Romanian mathematician (1873–1939)

Gheorghe Țițeica (/ro/; 4 October 1873 – 5 February 1939), publishing as George or Georges Tzitzéica, was a Romanian mathematician who made important contributions in geometry. He is recognized as the founder of the Romanian school of differential geometry.

==Education==
He was born in Turnu Severin, western Oltenia, the son of Anca (née Ciolănescu) and Radu Țiței, originally from Cilibia, in Buzău County. His name was registered as Țițeica–a combination of his parents' surnames. He showed an early interest in science, as well as music and literature. Țițeica was an accomplished violinist, having studied music since childhood: music was to remain his hobby. While studying at the Carol I High School in Craiova, he contributed to the school's magazine, writing the columns on mathematics and studies of literary critique. After graduation in 1892, he obtained a scholarship at the preparatory school in Bucharest, where he also was admitted as a student in the Mathematics Department of University of Bucharest's Faculty of Sciences. His teachers there included David Emmanuel, Spiru Haret, Constantin Gogu, Dimitrie Petrescu, and Iacob Lahovary. In June 1895, he graduated with a Bachelor of Mathematics.

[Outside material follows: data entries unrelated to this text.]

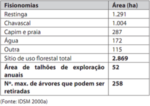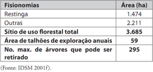 ● intensidade de exploração. Até 2002, a área total de cada um dos 16 planos de manejo já aprovados na área focal da reserva não excedia 2.000 hectares; o tamanho médio dos talhões era de 17 hectares; e o maior talhão tinha 52,7 hectares (Pires 2003).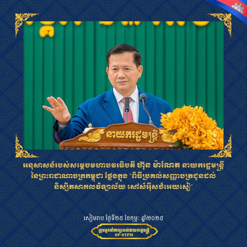 អនុសាសន៍របស់សម្តេចមហាបវរធិបតី ហ៊ុន ម៉ាណែត នាយករដ្ឋមន្រ្តី នៃព្រះរាជាណាចក្រកម្ពុជា ថ្លែងក្នុង “ពិធីប្រគល់សញ្ញាបត្រជូនដល់និស្សិតសាកលវិទ្យាល័យ សៅស៍អ៊ីសថ៍អេយសៀ” សៀមរាប ថ្ងៃទី២៥ ខែកុម្ភៈ ឆ្នាំ២០២៥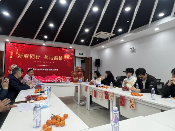 会上,同学们一一进行自我介绍,并用家乡话表达了新春祝福,感谢学院老师们的关怀,同时分享了假期规划,提出了当前实习、就业等遇到的问题。罗勇辉和余璐尧给同学们做了具体回应,鼓励同学们要把自己的发展融入国家发展大局中,提前做好职业规划。叮嘱同学们假期留校期间注意安全,遇到解决不了的困难及时与院系老师联系,学院是同学们发展的强大后盾。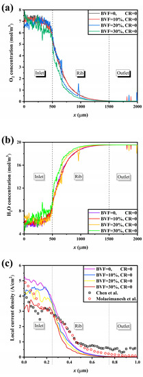 The distribution of oxygen and water vapor concentrations along the x-direction and the current density distribution on the surface of the catalyst layer is depicted in Figure 3. For ease of comprehension, the inlet, rib, and outlet are illustrated in the figure by dashed lines, indicating that the area illustrated is the GDL below that location. From Figure 3a,b, the distribution of oxygen concentration and water vapor concentration below the exit region shows an oscillating pattern. Oxygen was supplied in time below the inlet so that from x = 0 to x = 500 µm, the local current density was high, and the changes in oxygen and water vapor concentrations were not drastic. Due to the obstruction of the rib, the lateral transport of oxygen was weakened so that the supply of oxygen below the rib was gradually weakened, and a rapid decline in oxygen concentration and current density occurred. Unusual and sudden fluctuations in oxygen and water vapor concentrations in the area below the rib and outlet were due to the formation of closed pores. In Figure 3c, the obtained current density is compared to the results of Chen et al. [27] and Molaeimanesh et al. [25]. The reason for not being able to match exactly is due to differences in the microstructure of the GDL, but the trend and the range of the distribution of the current density are very close to each other, corroborating the applicability of the LB model developed in this study. For the binder volume fractions of 0, 10%, 20%, and 30% calculations, the average oxygen concentrations were 2.4070, 2.3984, 2.3184, and 3.0770 mol/m3, respectively, and the average water vapor concentrations were 15.0747, 15.0948, 15.2399, and 15.7054 mol/m3, and the average current densities were 1.6402, 1.4819, 1.3432, and 1.1062 A/cm2. Compared with the no binder case, the current density decreased by 8.43%, 18.1%, and 32.55% in the cases with BVF = 10%, 20%, and 30%, respectively, and the higher the binder volume fraction, the more significant the decrease in current density. Cathode electrochemical performance decreased with increasing binder volume fraction, and the presence of block and chain structures resulted in a weaker mass transfer. However, this study is an analysis of electrochemical performance, and a more comprehensive judgment would require studies of other aspects, such as strength and resistance.

In the summer of 1896, after a stint as a substitute teacher at the Bucharest theological seminary, Țițeica passed his exams for promotion to a secondary school position, becoming teacher in Galați.

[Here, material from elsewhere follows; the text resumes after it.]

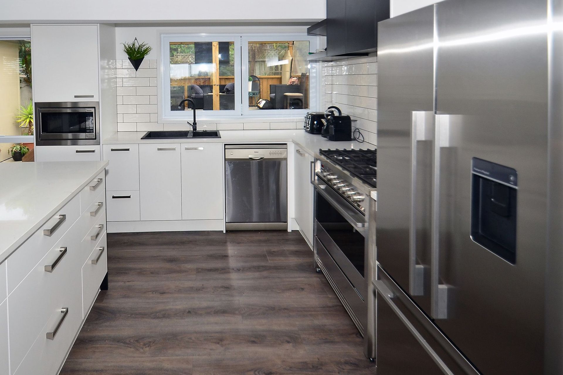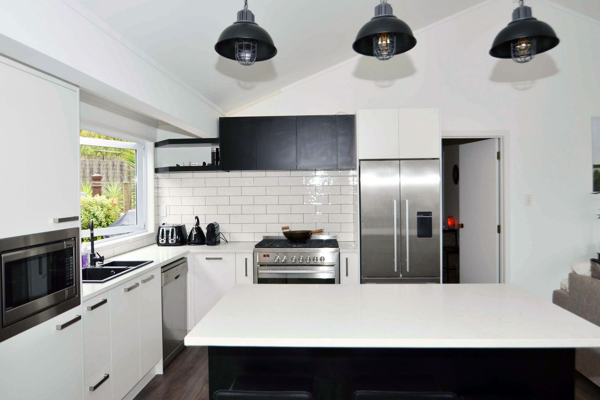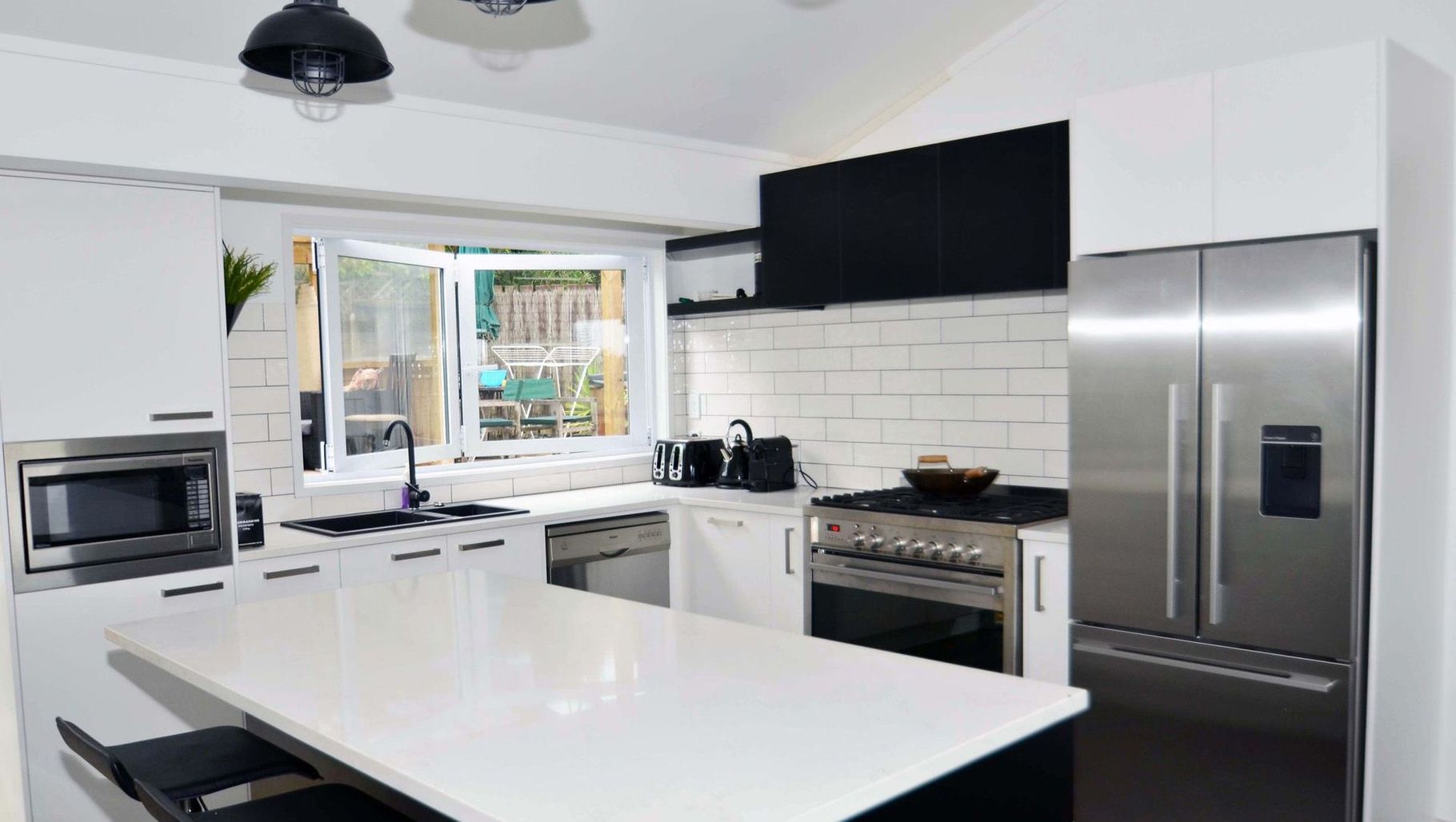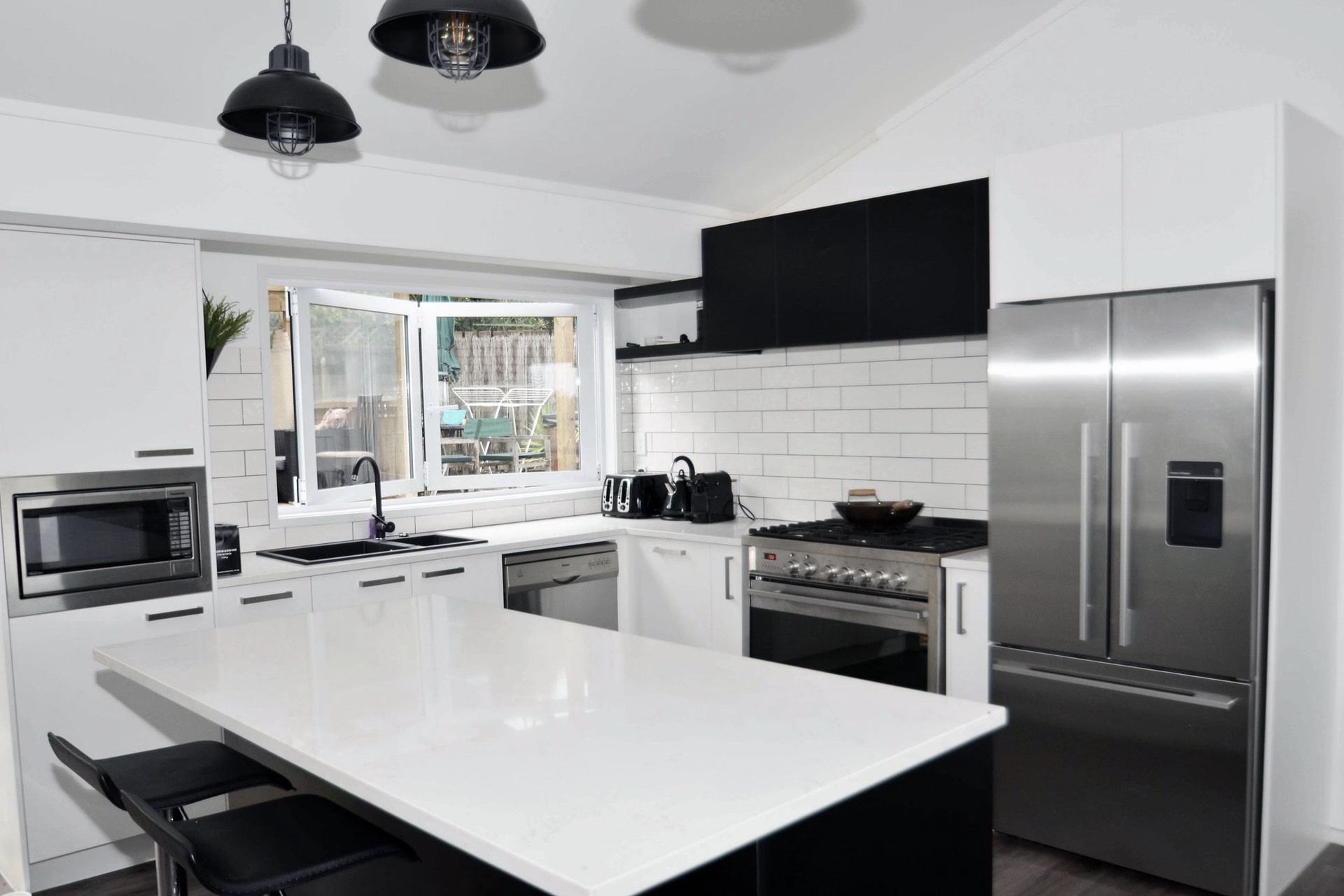ArchiPro Project Summary - A timeless monochrome kitchen transformation featuring bold accents, utilizing Prime and Melteca laminates, Primestone engineered stone, and Heritage Hardware for a captivating yet functional home hub.

In 1897, on the advice of teachers and friends, Țițeica completed his studies at a preparatory school in Paris. Among his mates were Henri Lebesgue and Paul Montel. After ranking first in his class and earning a second undergraduate degree from the Sorbonne in 1897, he was admitted at the École Normale Supérieure, where he took classes with Paul Appell, Gaston Darboux, Édouard Goursat, Charles Hermite, Gabriel Koenigs, Émile Picard, Henri Poincaré, and Jules Tannery. Țițeica chose Darboux to be his thesis advisor; after working for two years on his doctoral dissertation, titled Sur les congruences cycliques et sur les systèmes triplement conjugués, he defended it on 30 June 1899 before a board of examiners consisting of Darboux (as chair), Goursat, and Koenigs.

==Career==
Upon his return to Romania, Țițeica was appointed assistant professor at the University of Bucharest. He was promoted to full professor on 3 May 1903, retaining this position until his death in 1939. He also taught mathematics at the Polytechnic University of Bucharest, starting in 1928. In 1913, at age 40, Țițeica was elected as a permanent member of the Romanian Academy, replacing Spiru Haret. Later he was appointed in leading roles: in 1922, vice-president of the scientific section, in 1928, vice-president and in 1929 secretary general. Țițeica was also president of the Romanian Mathematical Society, of the Romanian Association of Science, and of the Association of the development and the spreading of science. He was a vice-president of the Polytechnics Association of Romania and member of the High Council of Public Teaching.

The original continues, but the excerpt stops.